By Andria Cheng

NEW YORK (Dow Jones) -- American Apparel Inc., the teen retailer known for its provocative advertising, has agreed to sell about 18% of the company to private-equity firm Lion Capital as it faced deadline pressure for some loan obligations.

Los Angeles-based American Apparel (APP) has been under growing pressure, including facing a loan obligation Friday and possibly filing for Chapter 11 bankruptcy protection, after it took on $111.6 million in debt to help finance its rapid expansion over the five years.

American Apparel, headed by its controversial founder Dov Charney, reportedly owes SOF Investments $51 million and Bank of America $61 million. Charney has been forced to lend the company $6.5 million since December to keep products flowing into stores and to finance the opening of new stores, according to a report in Women's Wear Daily.
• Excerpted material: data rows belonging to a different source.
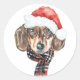 Festive Watercolor Dachshund Santa Christmas Classic Round Sticker
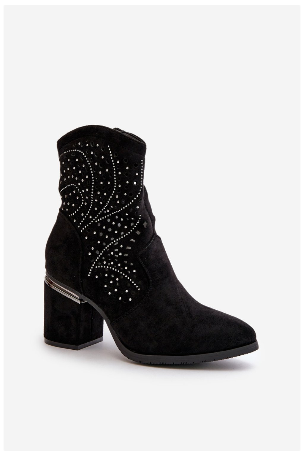 Elegantní ažurové dámské botky vyrobené z kvalitního ekologického semiše. Usazené na stabilním sloupkovém podpatku. Špičaté nosky. Model se zapíná na zip, což zajišťuje pohodlí a snadné obutí. Ideální na různé příležitosti, tyto boty budou stylovým doplňkem vašeho šatníku.
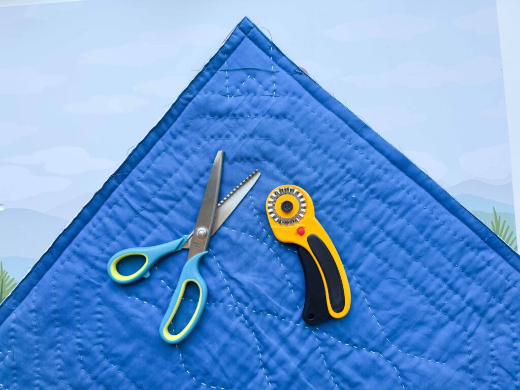 Use pinking shears or a zigzag rotary cutter to trim the seam allowances and clip the corners to reduce bulk — but be careful not to cut through your stitches.
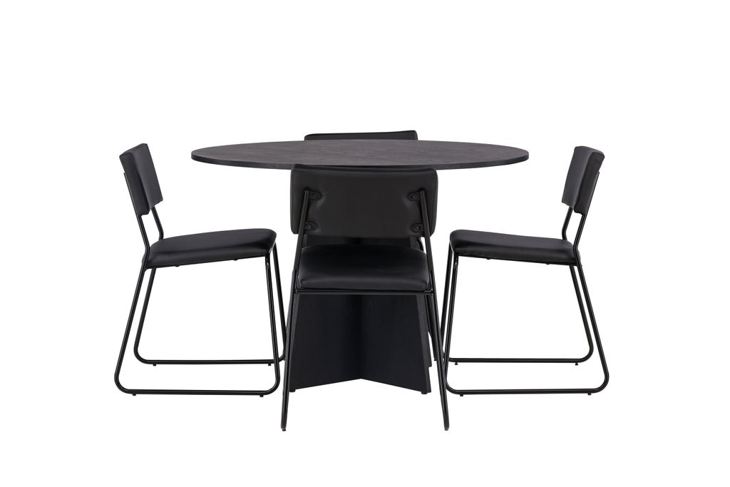 Till bordet får du fyra matstolar från Kenth-serien, designade med en luftig och modern känsla. Stolarna har både rygg och sits klädda i svart polyuretanskinn och polyester vilket ger en bekväm sittupplevelse. De dekorativa, smala stolsbenen i järn ger en stabil konstruktion utan att kompromissa med elegansen.
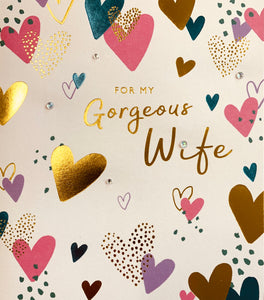 Make your Wife’s birthday special with this lovely Wife birthday card. This Wife birthday card has been printed on high quality board with hot foil finish and multiple decorative attachments. This Wife birthday card shows a modern heart and jewel design with a full colour insert. Short verse.
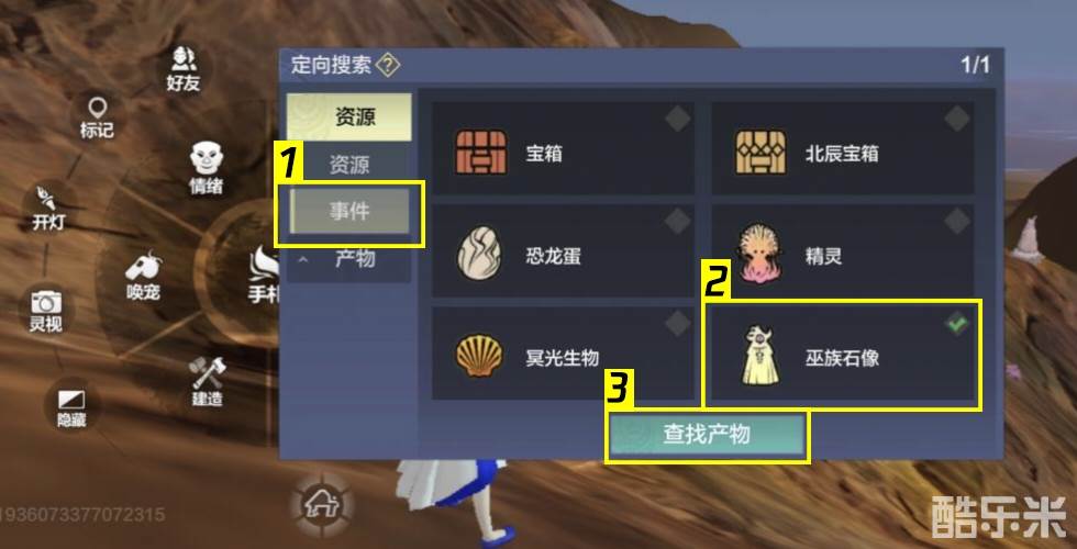 点击轮盘-搜索-定向搜索-事件-巫族石像,搜寻巫族石像。
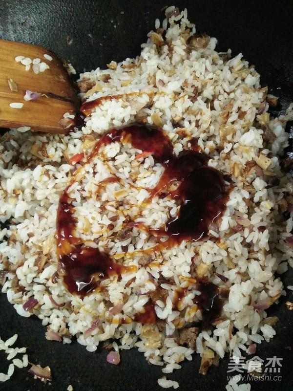 加入米飯炒散。
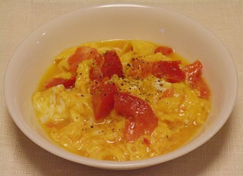 1.トマトは、2~3cm角に切り、ボウルに入れ、卵、塩、砂糖を入れてかき混ぜる。

Shares of American Apparel rose 44 cents to $1.93 in morning trading.

With more than 260 stores in 19 countries, American Apparel has been able to attract shoppers with its line of U.S.-made T-shirts, jersey dresses and shiny leggings.

The company said it would use the proceeds from Lion Capital's $80 million investment to retire its second-lien credit line with SOF Investments.

Remaining proceeds will be use to pay American Apparel's revolving credit line, repay a portion of a shareholder note and other fees and expense. SOF is an affiliate of investment firm MSD Capital, which manages the capital of Dell Inc.'s (DELL) Chief Executive Michael Dell and his family.

London-based Lion Capital, whose previous investments have included luxury shoe label Jimmy Choo, received warrants that, if converted to common stock, would equal to an 18% ownership of American Apparel.